The March nonfarm payrolls report, which was released on Good Friday when the U.S. stock market was closed, showed just 120,000 jobs added last month. That figure fell far short of the forecast for 203,000 new jobs and raised questions about whether the recovery in the U.S. labor market was stalling.
Employment has been on everybody's watch list since that Friday.There continues to be improvement which may bring about the belief that it was a hiccup, but in aggregate, as the economic recovery is still continuing to improve.
But even if earnings are solid and data shows improvement, markets could be susceptible to further losses if more signs of fiscal distress in the euro-zone emerges.

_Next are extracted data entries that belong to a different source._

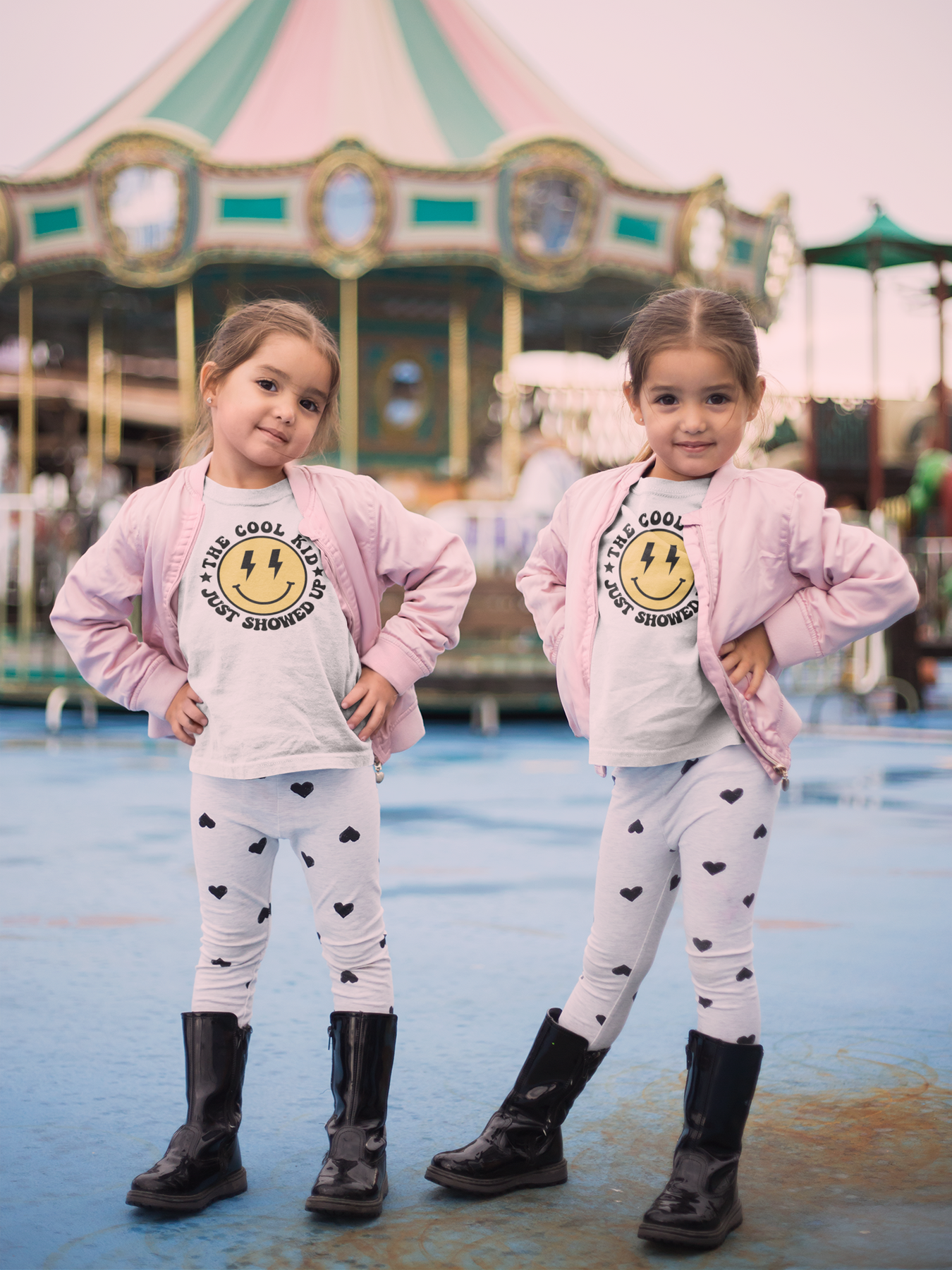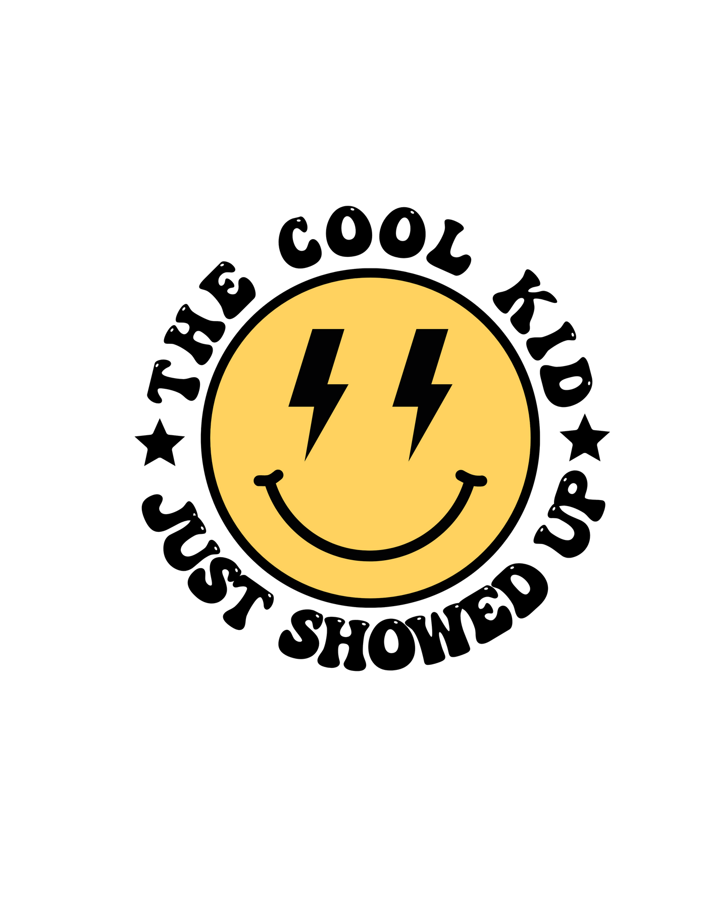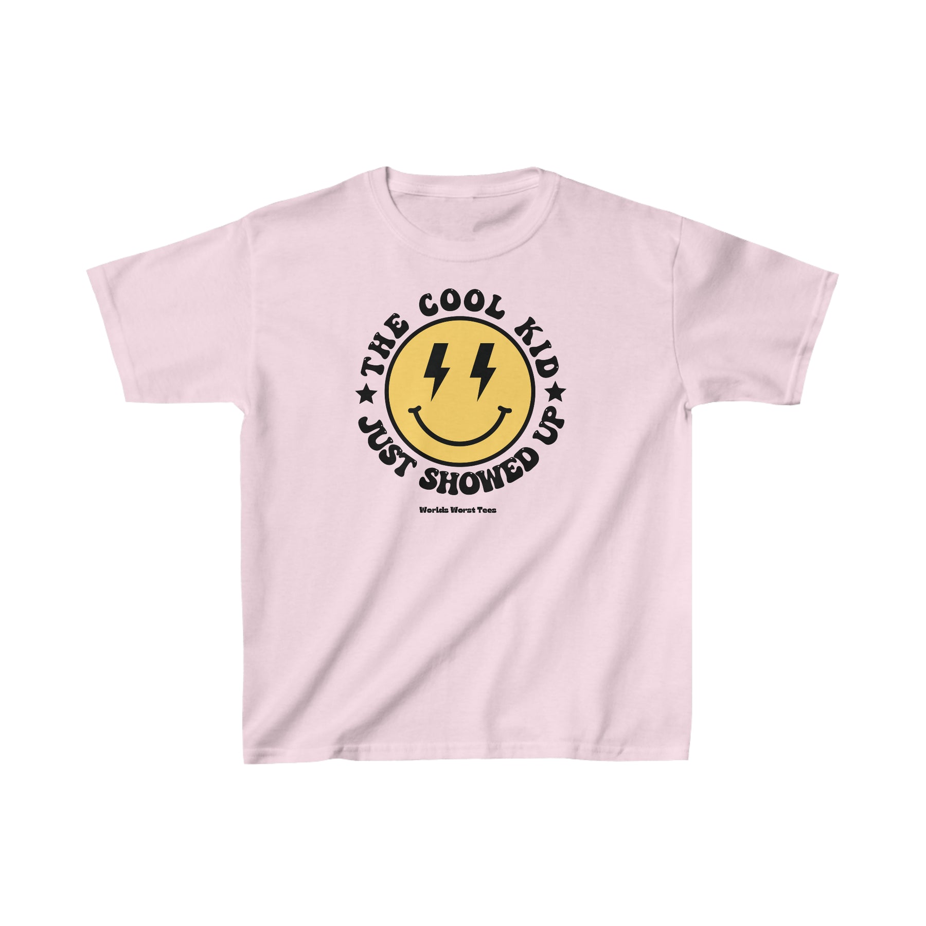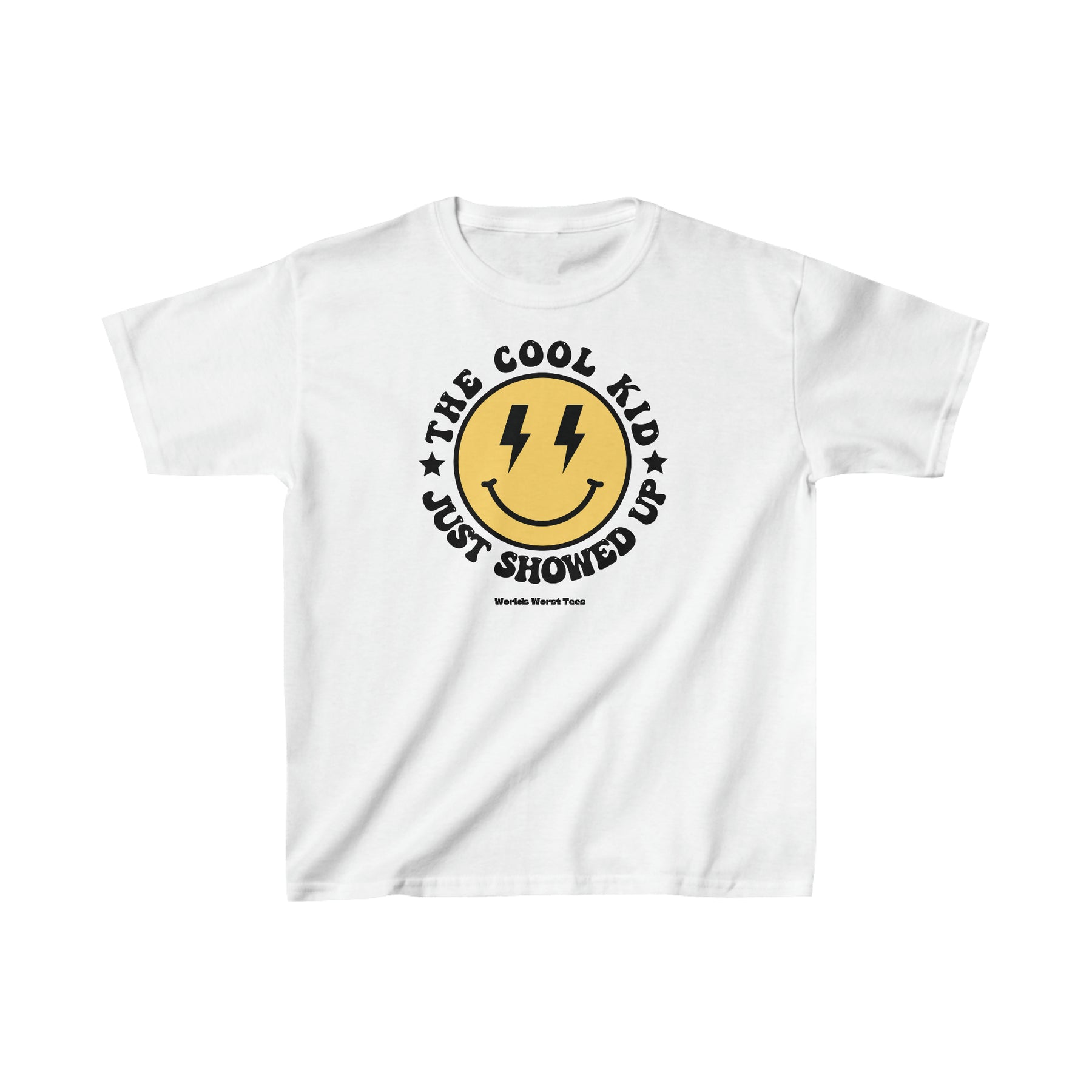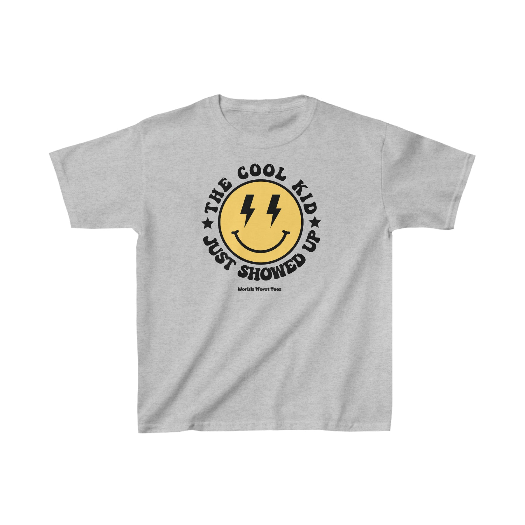 A kids heavy cotton tee featuring a yellow smiley face with lightning bolts and a smile. 100% cotton, light fabric, classic fit, tear-away label. The Cool Kid Just Showed Up by Worlds Worst Tees.
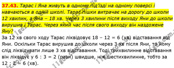 Тарас і Яна живуть в одному під’їзді на одному поверсі і навчаються в одній школі. Тарас пішки витрачає на дорогу до школи 12 хвилин, а Яна – 18 хв. Через 3 хвилини після виходу Яни до школи вирушив і Тарас. Через який час після свого виходу він наздожене Яну? За 12 хв свого ходу Тарас ліквідовує 18 – 12 = 6 (хв) відставання від Яни. Оскільки Тарас вирушив до школи через 3 хв після Яни, то йому слід ліквідувати лише 3 хв відставання. Тоді трихвилинне відставання він ліквідує у 6 : 3 = 2 (рази) швидше, ніж шестихвилинне, тобто за 12 : 2 = 6 (хв).
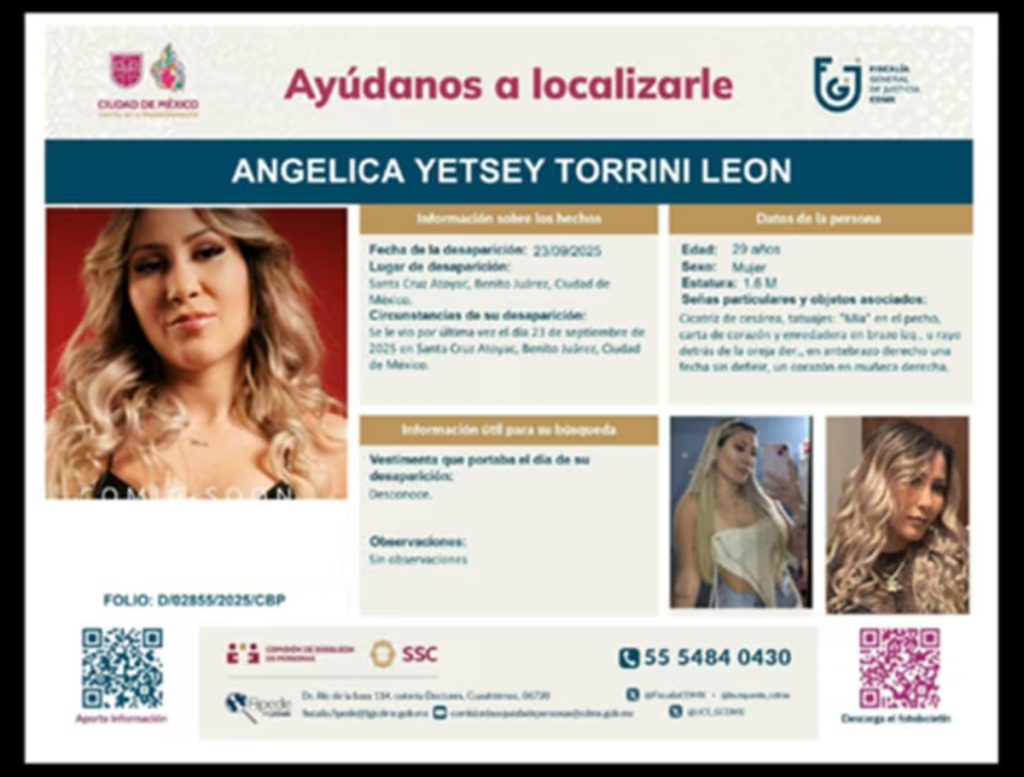 La Fiscalía de la Ciudad de México emitió un cartel de búsqueda para localizar a Angelica Yetsey Torrini León, conocida como Angie Miller, quien fue vista por última vez el 23 de septiembre en la colonia Santa Cruz Atoyac, alcaldía Benito Juárez. La ficha oficial refiere una cicatriz de cesárea y varios tatuajes distintivos.
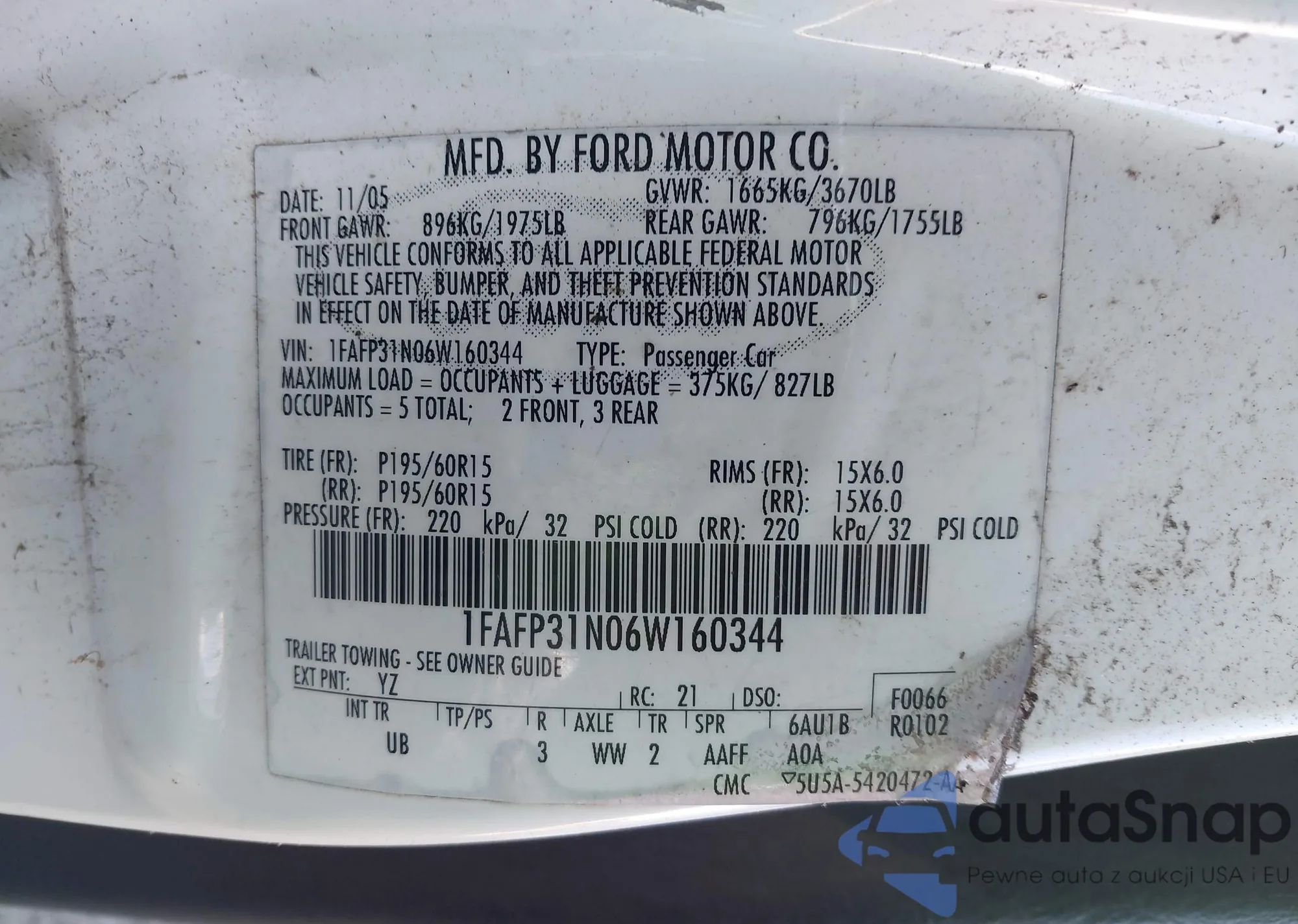 • VIN 5UXTY5C0XM9F11085
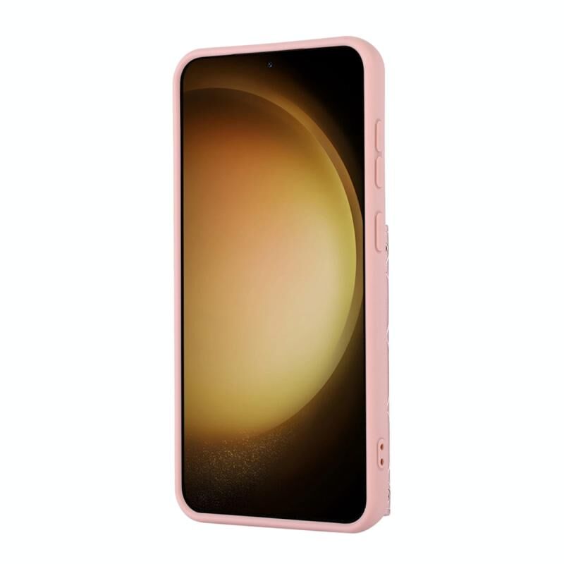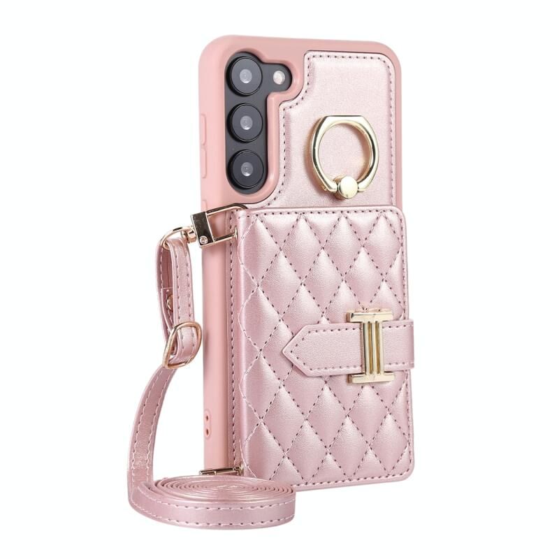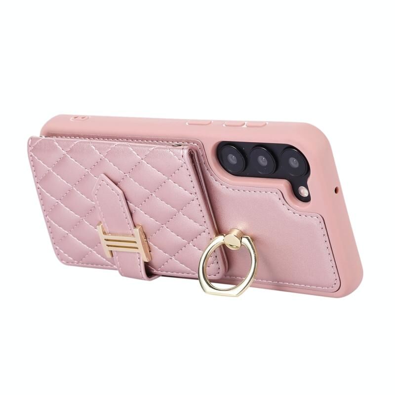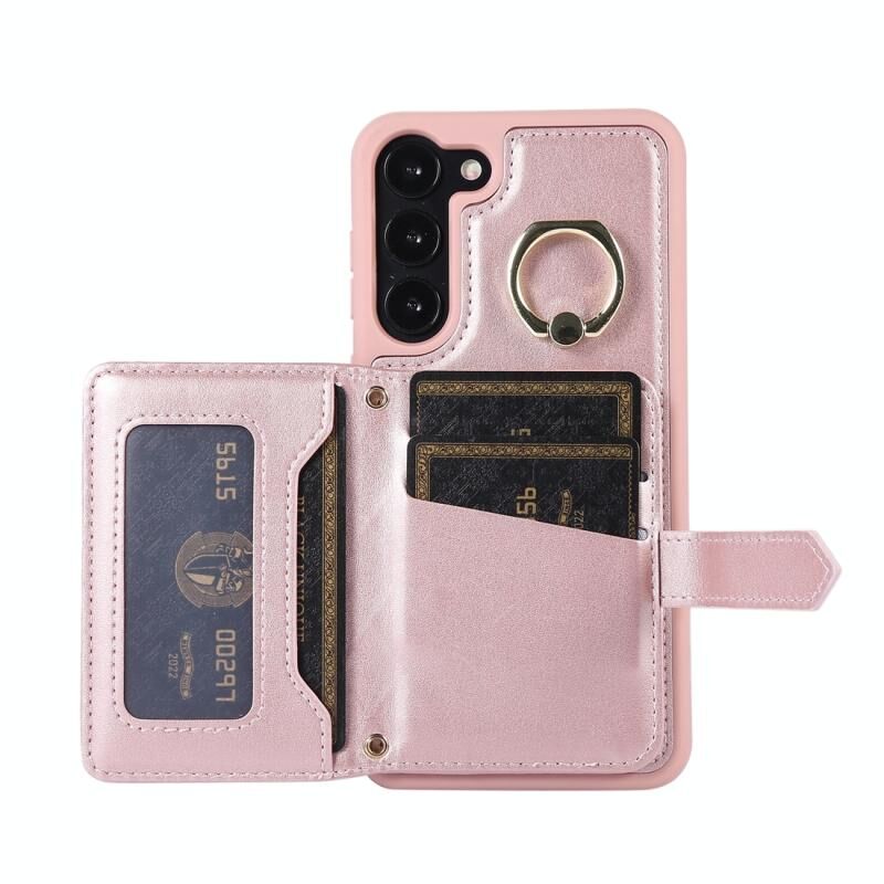 Για Samsung Galaxy S21 5G Οριζόντια κάρτα τσάντα τσάντα δαχτυλίδι κάτοχος υπόθεση τηλεφώνου με διπλό κορδόνι (ροζ χρυσό)
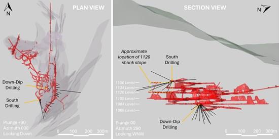 The Level 1120 up-dip drill program was conducted from one underground drill station located off the Main Decline on Level 1160. The program consists of a fan of drillholes drilled on approximately 15 m centers designed to infill a panel of the deposit approximately 150 m wide and 58 m tall. This drill program is ongoing and is primarily targeting mineralization within the planned 1120 shrink stope, which is based on Level 1120 and extends up above Level 1150 towards Level 1170.
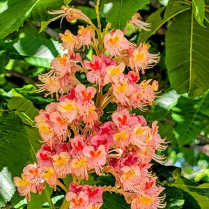 セイヨウトチノキ(西洋栃の木)の花が咲いていました。 トチノキ科の落葉高木で、マロニエとも✨ 赤い模様の入った白い4弁花が、ピラミッド状に集まって上向きに咲きます💕 🔶3枚目~5枚目:ベニバナトチノキ💕 こちらも高い木の上に花が咲いていました🎶😃
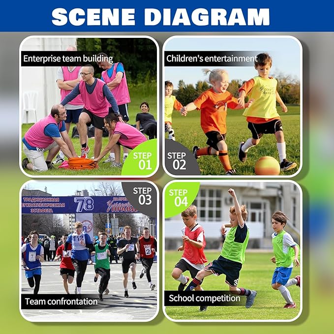 - 【Style Selection】---In order to meet the needs of different groups of people,our soccer training vests offer 4 color combinations(red+blue,yellow+blue,green+orange, red+blue+green+orange)and 3 types of quantity ratio(12pack/24pack/48pack) to choose from.

You have to put Europe, Spain and Italy, on any 'watch list' at this point – which may even be more important than earnings.
Unfortunately, last week saw a fairly deep correction, more than many were expecting. This leads us to the market direction in the week ahead -- the action early in the week ahead will likely set the tone for the next week or two.
It is important that investors have stops in place. While there may only be another 2% to 3% decline, there is a chance that there could be a loss of another 5%. That is why it is important to determine stops on positions when the markets are closed, so investors do not get caught up in the emotion of a declining market.